I am not sure that this can be fixed. The way to fix it is to send the ECHO_REQUEST packet and then wait for the reply, all within the same process. But you can probably see how this would cause problems on large networks. Packets get lost, retries have to be attempted, etc. We would have to write pretty much the whole ICMP management piece in C and then loosely tie it back to Java, instead of doing most of it in Java and using a bare minimum of C. Think this is trivial? Check out all of the O/S specific code in IcmpSocket.c and you’ll see what I am talking about.

Anyway, native ICMP support is not even an option until Java 1.5 (maybe). So I think for now I may remove ICMP response times from the default OpenNMS install. They can still be useful as a number that goes down when things are good and up when things are bad, but since it really isn’t measureing temperature, we shouldn’t call it a thermometer.

Thread Safe RRD

We solved an interesting problem today. A client was running OpenNMS in a fairly large environment (8000+ interfaces). It was running smoothly up until about a month ago, then it would die about every 5-7 days.

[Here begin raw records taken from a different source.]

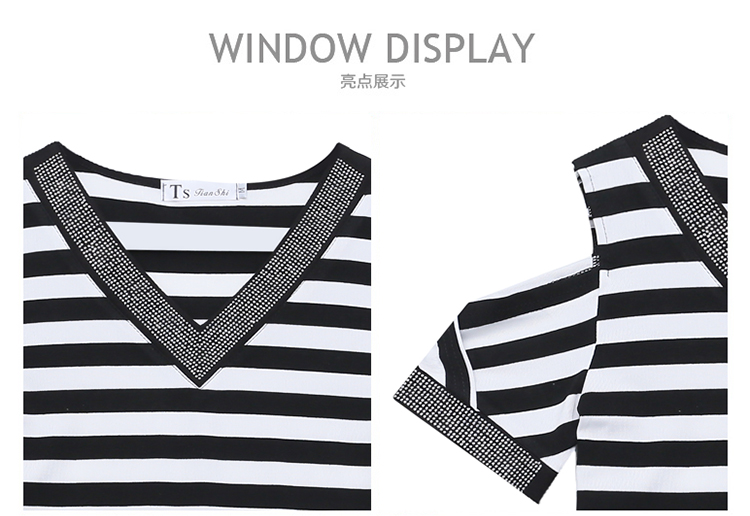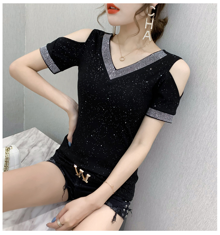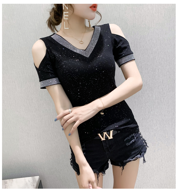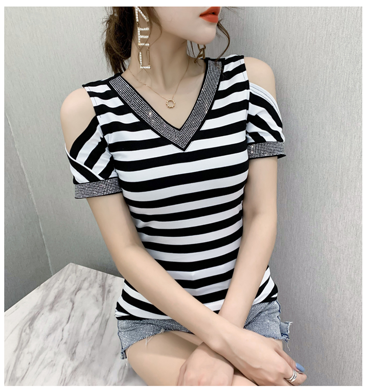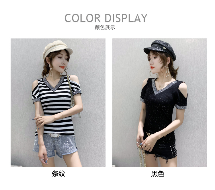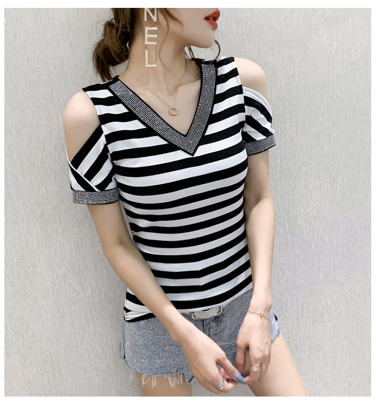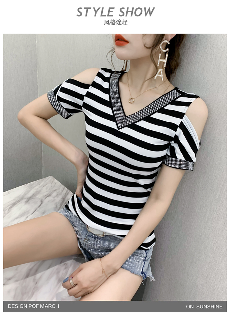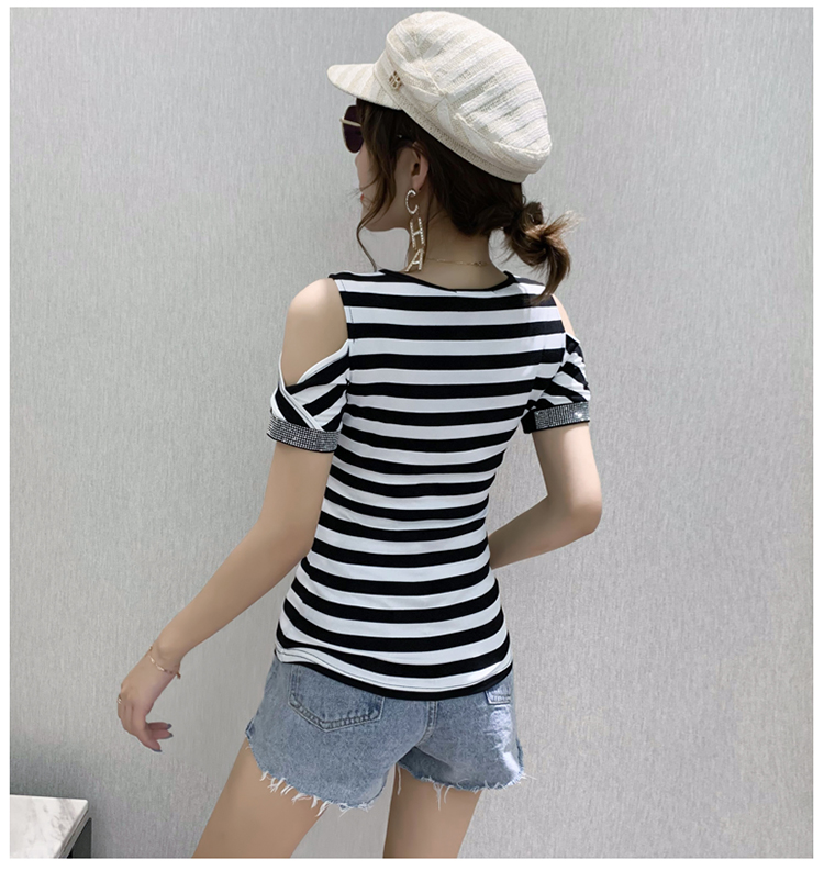 RY1904#夏季新款时尚烫钻条纹短袖T恤女洋气露肩性感上衣心机镂空欧货衫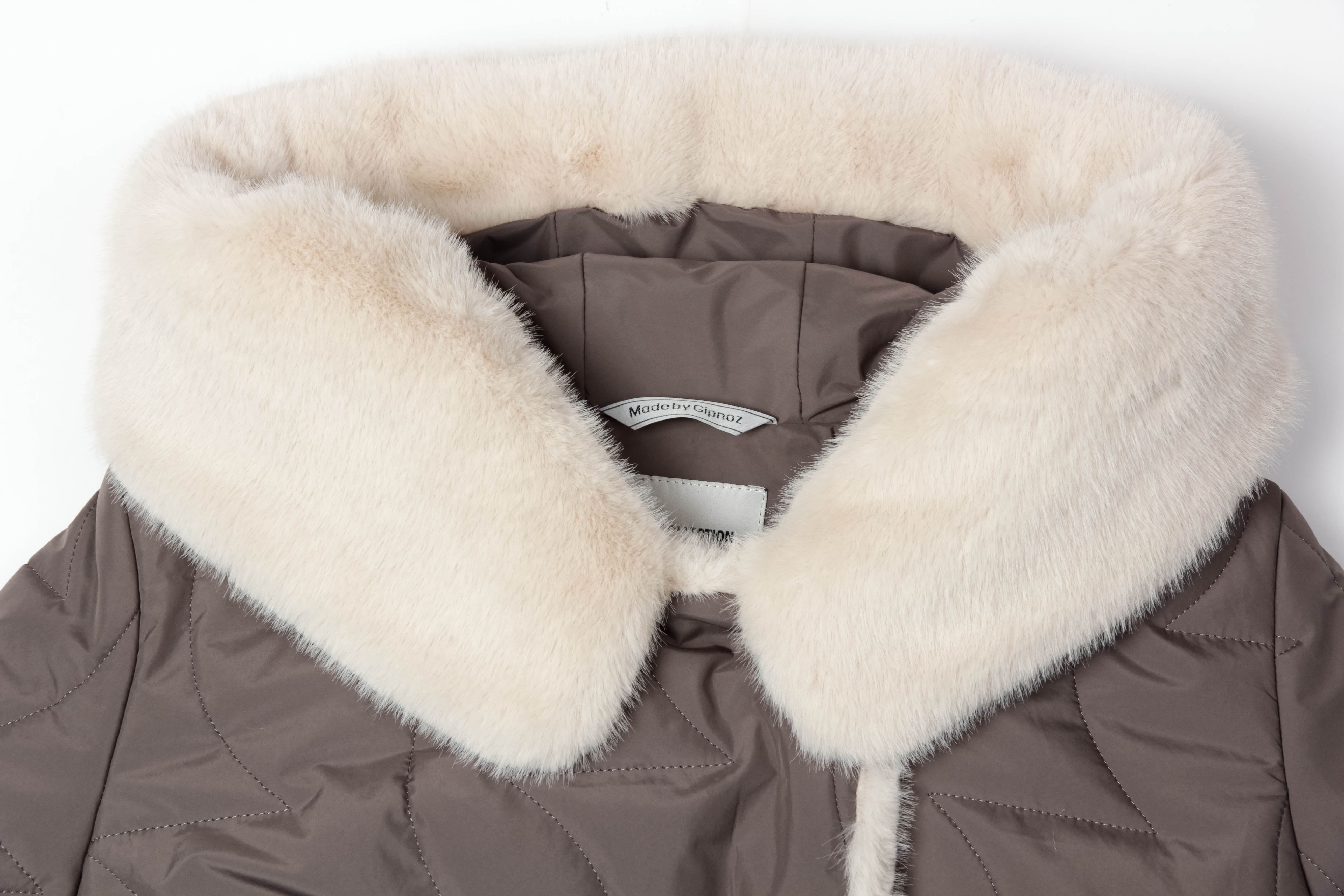 Впервые в зимнем сезоне мы предлагаем пальто из стеганой ткани. Изделие из данной ткани более практичное и удобное в использовании. Пальто в классическом стиле, полуприлегающего силуэта. Умеренный объем изделия идеально подходит для создания уютного образа, который при этом будет выглядеть стильно и элегантно. Втачной покрой рукава идеален для любой фигуры, придает стройность и строгость образу. Капюшон - защитит от холода, а нежнейший мех, имитирующий норку, красиво ложится вокруг лица. Рукав отгибается на манжет. Модель отлично смотрится с поясом и без. Пальто застегивается на пуговицы и внутреннюю молнию. Новый вид стежки несомненно приковывает взгляды окружающих. Нам удалось продлить сезон носки изделия, за счет внедрения в производство нового вида стеганой ткани. Ткань верха плотная и многослойная. Утеплитель термофин, плотность 260. Температурный режим до -25. серо-коричневый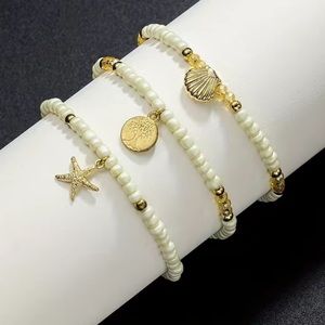 3pcs Ocean Style Bead, Tree Of Life, Starfish, Shell, Multi-layer Women's Anklet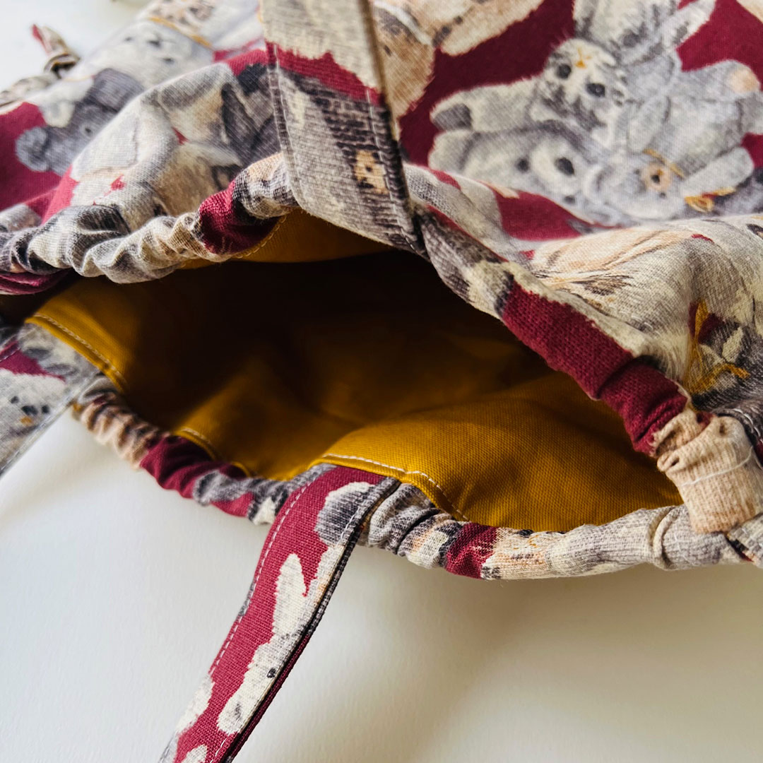ひもまで手作りした巾着トートです。布に適度なハリを出すため、織物接着芯を貼っています。これにより形がきれいに保たれ、バッグとしての安定感がアップしました。裏布にはライトブラウンのコットンを合わせて、開けたときに温かみのあるコントラストを楽しめるようにしています。
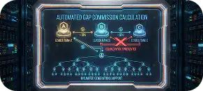 Configure rank rules, generation percentages, leadership bonuses and overrides without code changes.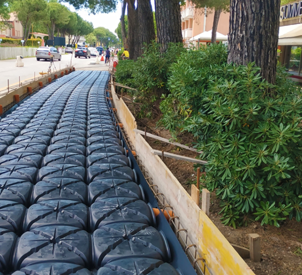 La solución fue, tras la preparación del terreno, la construcción de un carril bici con una cámara por debajo. En este caso concreto las características de la zona no permitían recrecer demasiado el suelo, por lo que se empleó el Cúpolex h13,5.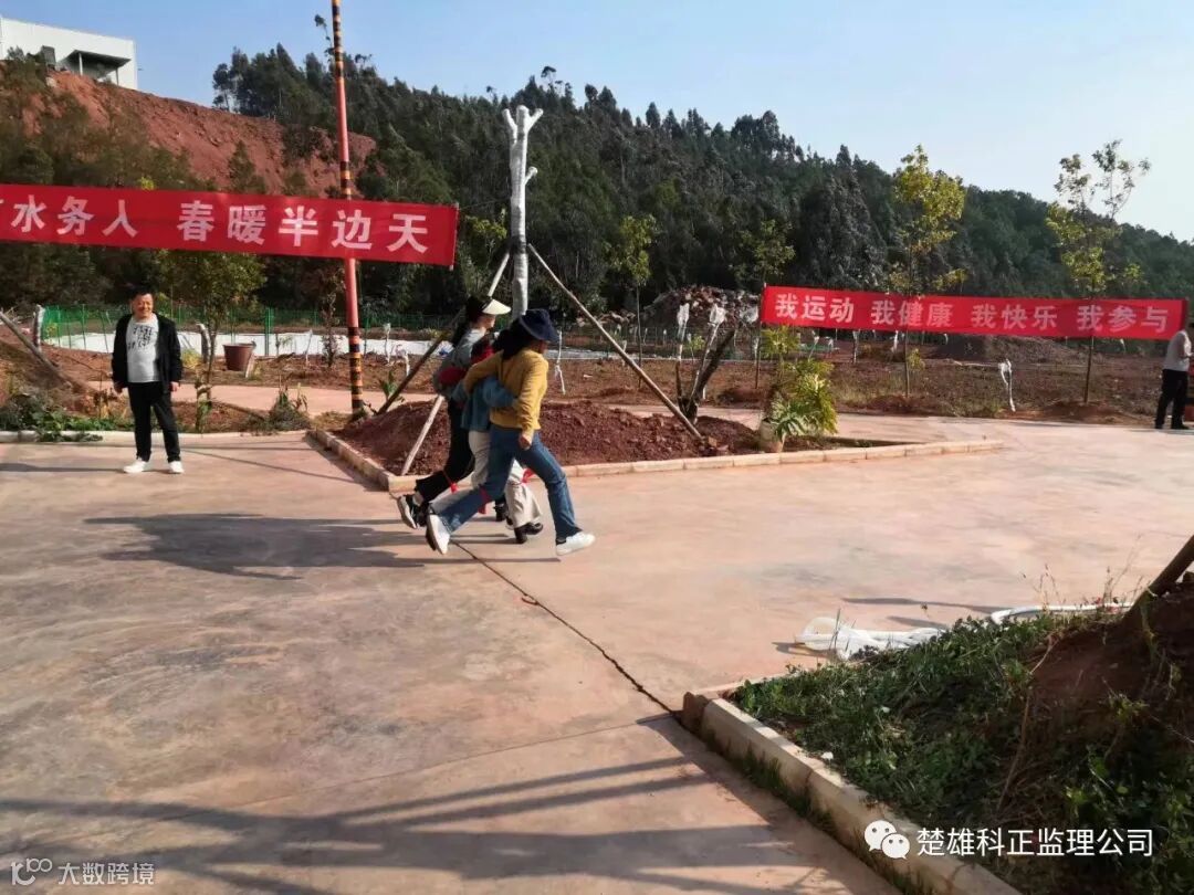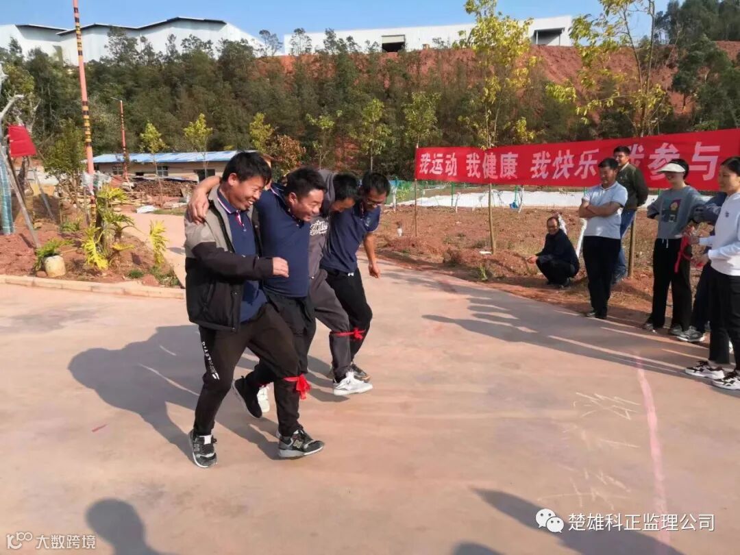 四人五足比赛,4个人一组绑好脚,在规定的距离内,走完全程,以用时最短的前三组获胜。双柏县水务局的职工、科正员工都积极参加活动,他们的面带笑容,步伐和谐一致,正奋力迈向终点。

The only logs of interest were in collectd.log. There would be some “too many open files” errors, followed by a Java “OutOfMemory” error, and then the system would die.

It turns out there was a bad .rrd file (the client had been doing some dump and restore work on the .rrd repository). Since RRD is in C, we use an interface in Java to communicate with it, and apparently it was not returning the proper error message.

Time to implement the new thread safe RRD commands. (grin)